Many studies have shown that intermittent fasting benefits many chronic diseases, including obesity, diabetes mellitus, cardiovascular disease, nonalcoholic fatty liver disease, cancers, and neurological disorders14,15,38,39. However, data are scarce on whether Ramadan fasting can contribute to healthy longevity, and this is the first study that sheds light on the effect of RFM on the longevity biomarkers under experimentally controlled conditions. Importantly, the hallmarks of aging include altered metabolic control, inflammation, oxidative stress, and reduced immunological function. Interestingly, obese and seniors have remarkably similar immunological profiles in adipose tissues, indicating a substantial overlap in the underlying mechanisms governing both processes discussed in Trim et al.40.

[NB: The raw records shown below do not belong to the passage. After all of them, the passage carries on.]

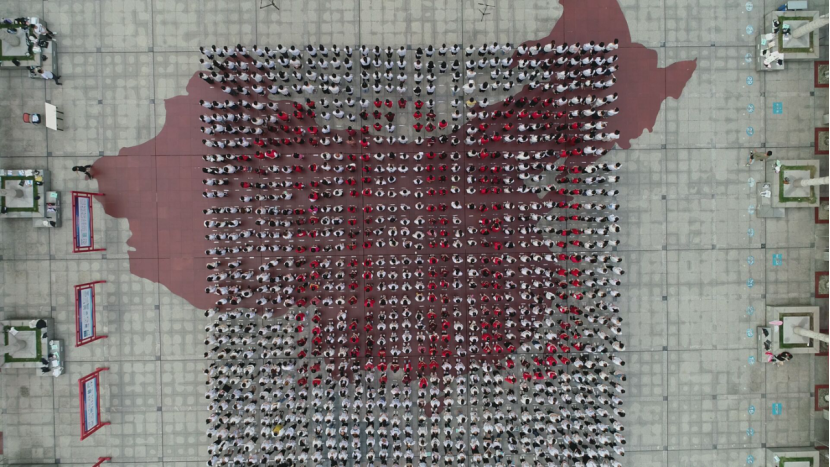接下来全体师生用“没有共产党就没有新中国”的歌声来表达对党的感激之情。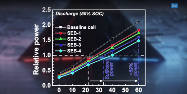還是一樣的熱刺激辦法,我們可以在工作之前把鈍化的電池從常溫加熱到60度,就可以激發(fā)出對(duì)比電池1.7倍的功率,這就是“鈍化電池,加熱使用”的獨(dú)特設(shè)計(jì)原則。我們還發(fā)現(xiàn)了一種熱調(diào)控磷酸鐵鋰電池,它克服了原有的磷酸鐵鋰電池的三大痛點(diǎn):一解決了低溫性能差的問(wèn)題,因?yàn)橛辛藷岽碳さ墓δ?,我們不再依?lài)于磷酸鐵鋰材料本身的低溫性能,比如說(shuō)在冬天里,我們可以讓電池的溫度在30秒之內(nèi)迅速地升溫到0度以上,從而輸出正常的高功率。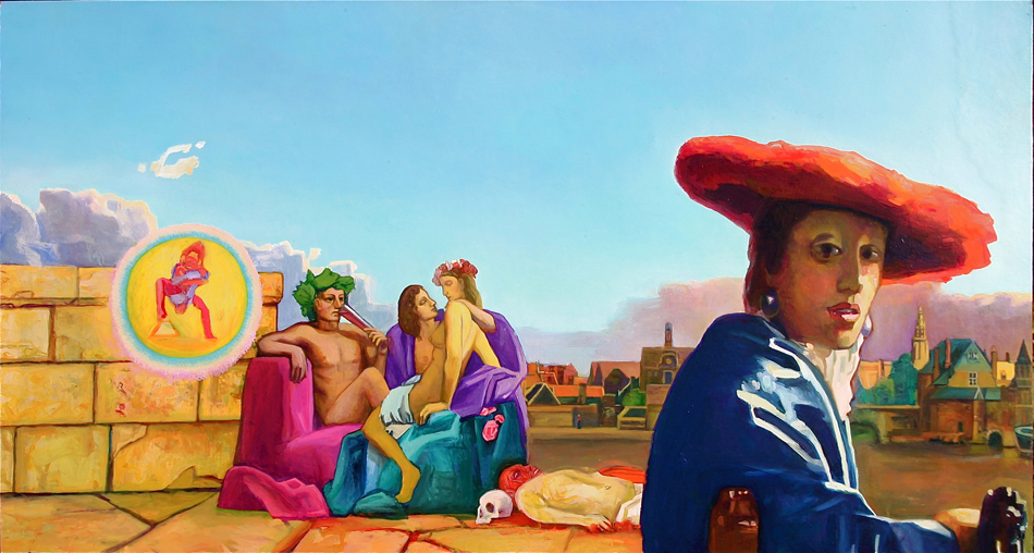 "Allegory, The Red Hat, Delft", oil, 24" x 44", $2000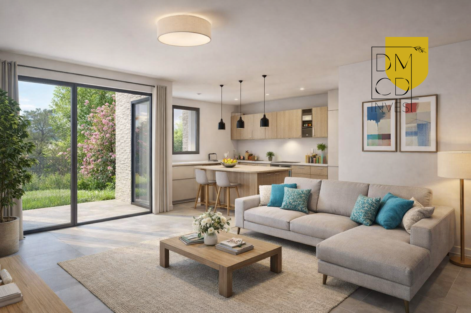L’ensemble s’ouvre sur une large baie vitrée donnant sur la terrasse (13,8 m²) et le jardin privatif, créant une parfaite continuité intérieur/extérieur.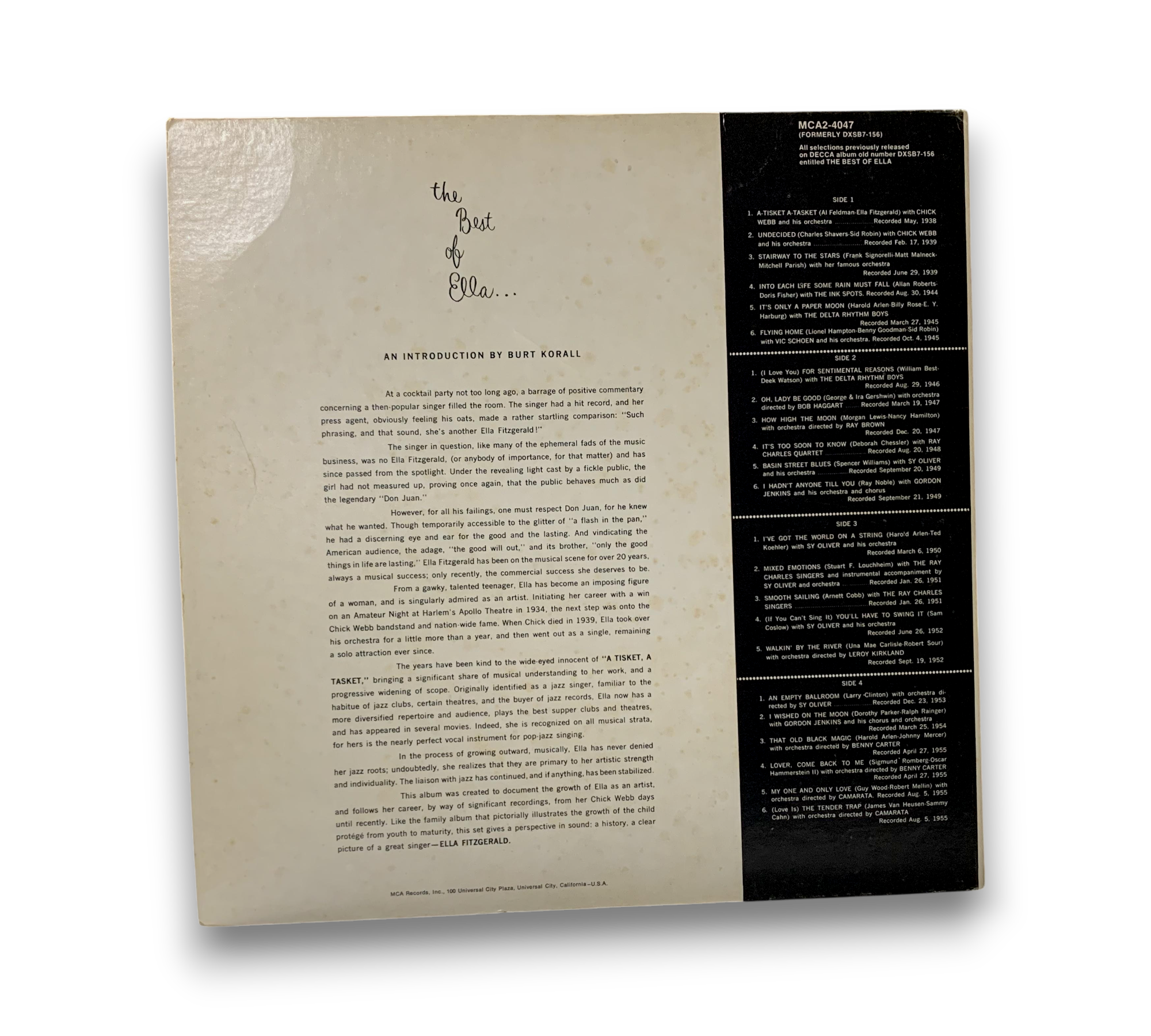 This record features a collection of selections from the renowned Ella Fitzgerald, previously released on the DECCA album numbered DXSB7-156, now presented under MCA Records. The set is a deluxe two-record compilation, showcasing some of her most celebrated performances. The packaging includes a detailed introduction by Burt Korall, providing insights into Fitzgerald's illustrious career. For further details regarding the condition and specific contents of the packaging, please refer to the accompanying photos.
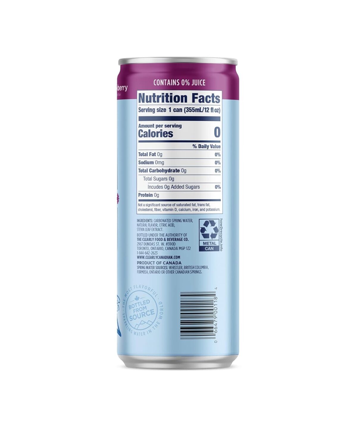 Clearly Canadian Zero Sugar Forest Blackberry Sparkling Water Beverage, Zero Sugar & Zero Calories, Diet Soda Alternative, 12 Fl Oz Can (Pack of 24)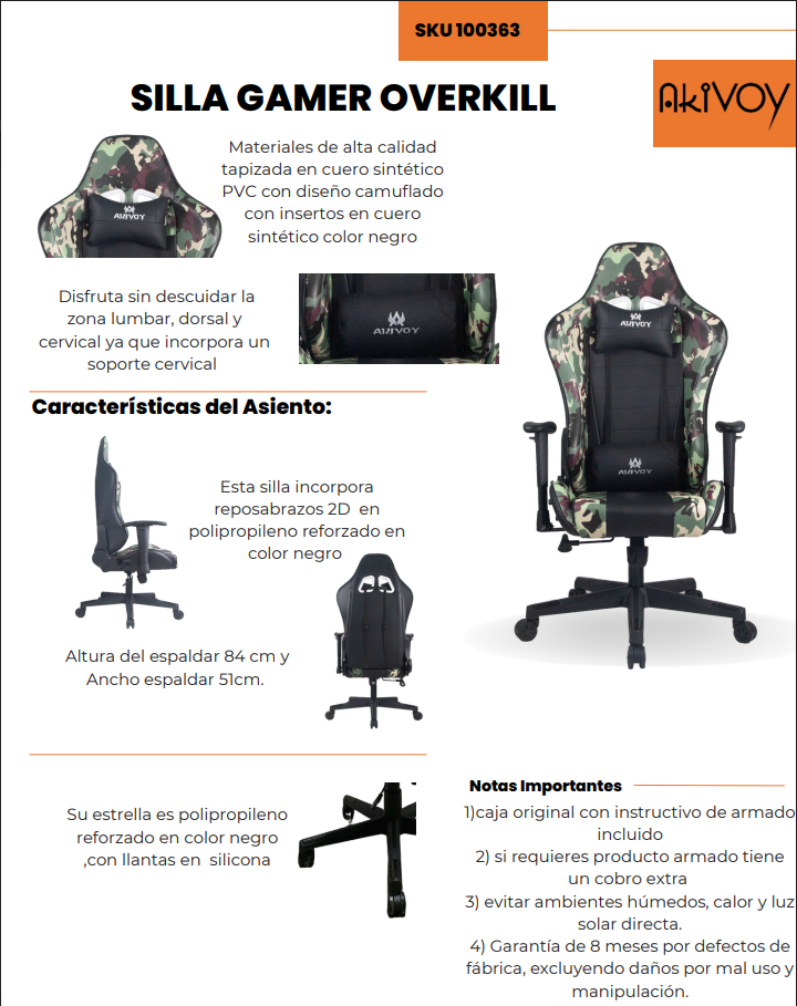 Incluye doble palanca para altura y respaldo, además de brazos en polipropileno regulables. La Silla Gamer Overkill es sinónimo de resistencia, confort y diseño ergonómico para mejorar tu experiencia de juego.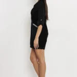 Az AMNESIA Penta ruha sportos, mégis nőies darab, amely a rövidebb fazonnal és a praktikus zsebekkel kényelmes választás a mindennapokra. Letisztult fekete színe miatt könnyen kombinálható, és önállóan is jól mutat.

One notable concern that arose from our investigation was the noteworthy decline in IGF-1 levels observed in the S + RFM + T group when compared with the SC group. Additionally, it was observed that IGF-1 levels in the HFD + RFM, HFD + RFM + T, and HFD + RFM + G groups exhibited a significant decrease in comparison to the HFDC group. As reported, IGF-1, blood glucose, and insulin levels are also decreased by intermittent fasting, including ADF and TRF (fasting for 8 weeks, 16 fasting window per day ); meanwhile, insulin sensitivity and adiponectin levels are increased41. Indeed, IGF-1 is a hormone involved in various physiological processes, including growth, development, and metabolism. It has been suggested that IGF-1 may play a role in the aging process and lifespan and that lower levels of IGF-1 are associated with increased lifespan42. In non-human primates, lower levels of IGF-1 have been associated with increased lifespan. For example, Tchkonia et al. found that rhesus monkeys with lower levels of IGF-1 lived longer than those with higher levels43. Holzenberger also reported that mice with lower levels of IGF-1 lived longer and were less likely to develop age-related diseases (i.e., cancer and diabetes) than those with higher levels44. In humans. it has been reported that individuals with lower levels of IGF-1 were more likely to live to exceptionally long ages than those with higher levels42.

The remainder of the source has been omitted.